Last week’s vote came two months after a similar measure failed in the House in a 23-14 vote, and just hours after Carney’s office received the legalization bill. complementary. Without legalization, the creation of a state-run pot industry is a moot point.

It’s unclear whether Democratic lawmakers will attempt to override Carney’s veto, which would be a rare occurrence. The last time Delaware lawmakers held a vote to override a veto was in 1990. The last time they succeeded was in 1977, when the House and Senate voted to override the government. of the time. Pete du Pont’s veto of the state budget bill.
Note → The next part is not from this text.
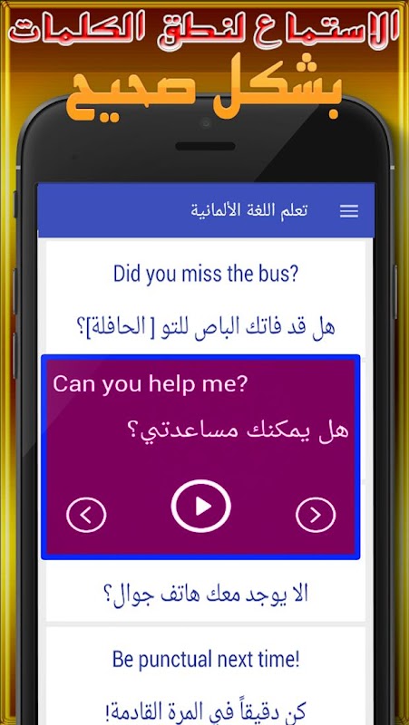 تعلم اللغة الالمانية بسهولة تطبيق المفيد جدا لتمكين من تعلم الالمانية دون الحاجة الى مدرس و ذلك عن طريق تعلم وتعليم اللغة الالمانية بالعربية بدون انترنت وذلك بواسطة ترجمة عربي الماني اي ترجمة من العربية الى المانية عن طريق الدروس في هذه اللغة.

Representative Ed Osienski, a Newark Democrat and lead sponsor of both bills, said in a statement that he was “deeply disappointed” with Carney’s decision and would reconsider his options.

Osienski carved the legalization and industry-building proposals into two separate bills in late March after the House rejected broader legislation that sought to do both. This paved the way for the passage of the legalization bill, which did not include any tax provisions and therefore only required a simple majority.

The legalization bill cleared the Democratic-controlled Senate without Republican support. Sen. Bruce Ennis of Smyrna was the only Democrat to join GOP lawmakers in opposition. Two Democrats, including Chairman Pete Schwartzkopf, voted against the legalization bill in the House, along with 12 of 15 GOP representatives. Ennis and Schwartzkopf are both retired state troopers.

Proponents of a state-run marijuana industry argue that it would create jobs, increase state coffers and reduce the illegal black market.

Opponents argue that legalization and state-licensed cultivation and sales would lead to increased marijuana use among teens and young adults, expose business owners to liability, and lead to more deaths and injuries. on the roads. They also say that establishing a state-run market with a 15% tax on retail sales would do little to eliminate illegal sales.

The Associated Press reported earlier this year that legalization had done little to discourage black market sales in California, and that some licensees were concurrently partaking in an attempt to make a profit. The California governor has now offered a temporary tax cut for the marijuana industry to help struggling businesses.

Currently, recreational marijuana use is legal in 18 states and the District of Columbia.